A private Nigerian laboratory has joined other scientists and laboratories around the world in the race towards developing a vaccine for the treatment of Coronavirus.

The laboratory known as African Centre of Excellence for Genomics of Infectious Diseases (ACEGID), located at Redeemer University (RUN) in Iwo, Osun State, is collaborating with Cambridge University in the United Kingdom on the project.

ACEGID, a strategic partner of the National Centre for Disease Control (NCDC), is responsible for all COVID-19 testing in Kwara and the south-west states, except Lagos.

Coordinating the project at the centre is Christian Happi, a professor of molecular biology and genomics study who as the laboratory’s director runs the project that is currently at early vaccine development stage.

He leads a team of 21 African researchers and vaccine developers in the race toward the production of a COVID-19 vaccine.

Happi’s journey to molecular biology and genomics study started modestly in 1992 at the University of Yaounde, Cameroon, where he completed a bachelor’s degree and proceeded to Nigeria where he took masters and doctoral degrees at the University of Ibadan.

After a postdoctoral fellowship at the famed Harvard University School of Public Health in the United States, Happi worked as a research scientist for three years at the same institution from 2004 and became an adjunct professor between 2007-2011.

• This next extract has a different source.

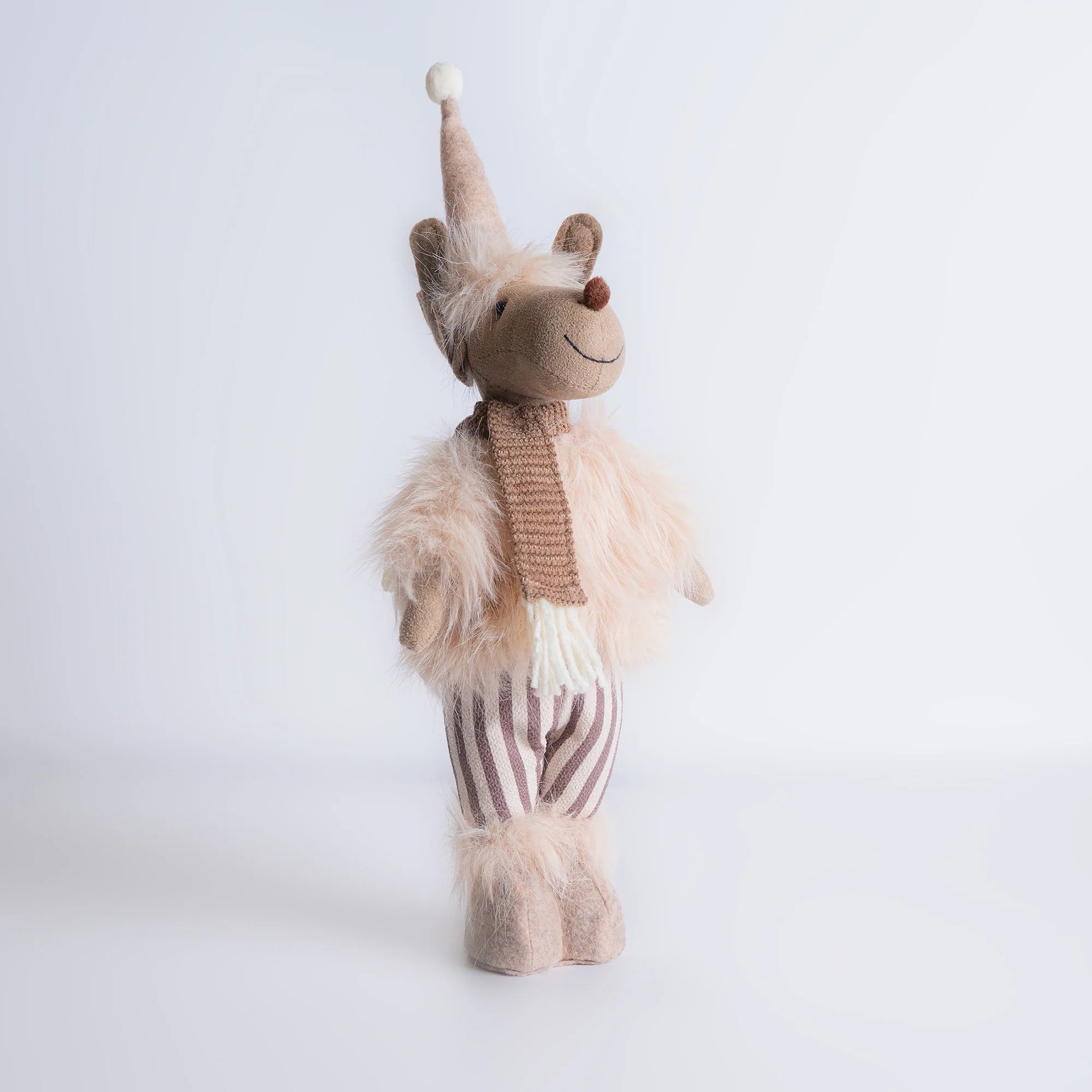 Agrega un toque de encanto navideño a tu decoración con nuestro adorable reno decorativo beige. Figura decorativa de reno con increíbles detalles de peluche, ideal para llevar la magia de la Navidad a tu hogar.

He is currently a visiting professor of Immunology and Infectious Diseases (IID), at the Harvard T. H. Chan School of Public Health (HSPH), and the Department of Organismic and Evolutionary Biology of the same university.

He confirmed the diagnosis of the first case of Ebola virus disease in Nigeria in 2014 and worked closely with Nigerian health authorities for the successful containment of the outbreak of the disease in Nigeria.

Happi recently used next generation sequencing technology to perform the first sequence of the new SARS-CoV-2 in Africa, within 48 hours of receiving a sample of the first case in Nigeria.

We hope for the best in this new journey.